Please try not do do whitespace/formatting changes when altering code
paths.

> Modified: ofbiz/trunk/framework/base/src/org/ofbiz/base/util/StringUtil.java
> URL: http://svn.apache.org/viewvc/ofbiz/trunk/framework/base/src/org/ofbiz/base/util/StringUtil.java?rev=772699&r1=772698&r2=772699&view=diff
> ==============================================================================
> --- ofbiz/trunk/framework/base/src/org/ofbiz/base/util/StringUtil.java (original)
> +++ ofbiz/trunk/framework/base/src/org/ofbiz/base/util/StringUtil.java Thu May 7 16:30:02 2009
> @@ -56,6 +56,7 @@
> public class StringUtil {
>
> public static final String module = StringUtil.class.getName();
> + protected static final Map<String, Pattern> substitionPatternMap;

substitution, you mispelled(sic) the word.

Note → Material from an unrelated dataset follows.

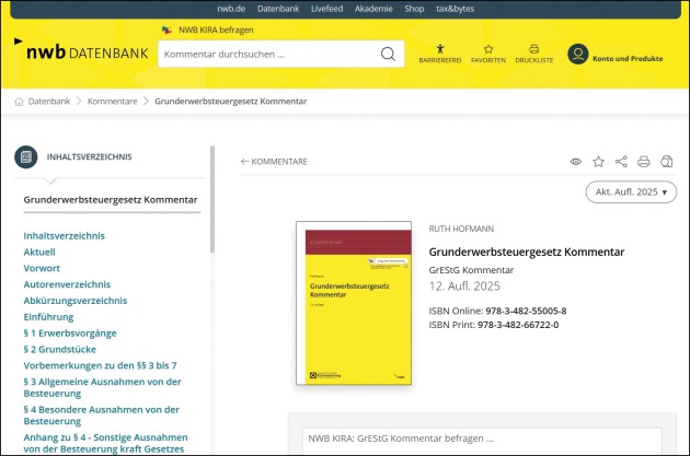 Ab sofort dürfen Sie sich als Abonnent des Themenpakets NWB Erben und Vermögen über weitere kostenfreie Inhalte in Ihrer Datenbank freuen: den Kommentar zum Grunderwerbsteuergesetz sowie das Buch Immobilien klug vererben.

Additionally, this is not really a map. It's more a list of
pattern/replacement pairs.

> /** OWASP ESAPI canonicalize strict flag; setting false so we only get warnings about double encoding, etc; can be set to true for exceptions and more security */
> public static final boolean esapiCanonicalizeStrict = false;
> @@ -66,6 +67,14 @@
> List<Codec> codecList = Arrays.asList(new HTMLEntityCodec(), new PercentCodec());
> defaultWebEncoder = new DefaultEncoder(codecList);
> defaultWebValidator = new DefaultValidator();
> + substitionPatternMap = FastMap.newInstance();
> + substitionPatternMap.put("&&", Pattern.compile("@and", Pattern.LITERAL));
> + substitionPatternMap.put("||", Pattern.compile("@or", Pattern.LITERAL));
> + substitionPatternMap.put("<=", Pattern.compile("@lteq", Pattern.LITERAL));
> + substitionPatternMap.put(">=", Pattern.compile("@gteq", Pattern.LITERAL));
> + substitionPatternMap.put("<", Pattern.compile("@lt", Pattern.LITERAL));
> + substitionPatternMap.put(">", Pattern.compile("@gt", Pattern.LITERAL));
> + substitionPatternMap.put("\"", Pattern.compile("'", Pattern.LITERAL));
> }
>
> public static final SimpleEncoder htmlEncoder = new HtmlEncoder();
> @@ -474,6 +483,33 @@
> return outStrBfr.toString();
> }
>
> + public static String convertOperatorSubstitutions(String expression) {
> + String result = expression;
> + if (result != null && result.contains("@")) {
> + Set<String> keys = substitionPatternMap.keySet();
> + for (String replacement : keys) {

for (Map.Entry<String, Pattern> entry: substitionPatternMap) {

Don't do a loop, then a separate fetch. The above is more efficient.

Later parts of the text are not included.